Covered retrievable prostatic urethral stents: feasibility study in a canine model.

PURPOSE

To evaluate the feasibility of use of a covered, retrievable prostatic urethral stent and to determine urethrographic and histologic changes in the prostate induced by the stent in a canine model.

MATERIALS AND METHODS

Polytetrafluoroethylene-covered retrievable nitinol stents were placed in the normal prostatic urethras of 13 dogs. The stents were removed 8 weeks after placement. The dogs were killed immediately after stent removal (group 1, n = 5) or 8 weeks after stent removal (group 2, n = 8). Retrograde urethrograms were obtained every 2 weeks after stent placement and after stent removal in dogs that had not been killed. The histologic changes in the prostate were compared between the two groups.

RESULTS

Stent placement was technically successful in all dogs. In two dogs, a second stent was placed because of migration of the first stent into the urinary bladder. Stent removal was successful in 12 dogs. One stent was removed in its expanded state. On follow-up urethrograms, dilation of the prostatic urethra persisted until animals were killed (P = .14).

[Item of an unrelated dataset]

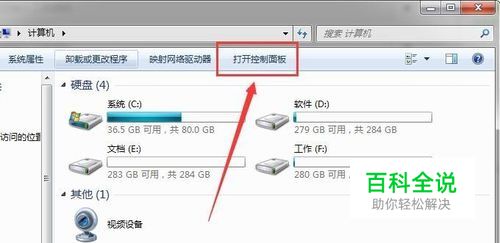 首先我们看下电脑防火墙在哪里设置,我们打开我的电脑,然后点击上方的我的打开控制面板进入。

The mucosal hyperplasia that occurred after stent placement at both ends of the stent gradually decreased after stent removal (P < .001). Histologic examination revealed prostate glandular atrophy and periurethral fibrosis, which did not differ between the two groups (P = .72 and P = .83, respectively). Papillary hyperplasia of the uroepithelium and submucosal inflammatory cell infiltration was decreased significantly in group 2 compared with group 1 (P = .002, P = .011, respectively).

CONCLUSIONS

Covered retrievable prostatic urethral stents seem to be feasible for use in the canine prostatic urethra. The stent-induced prostatic urethral dilation and prostate glandular atrophy persist until 8 weeks after stent removal.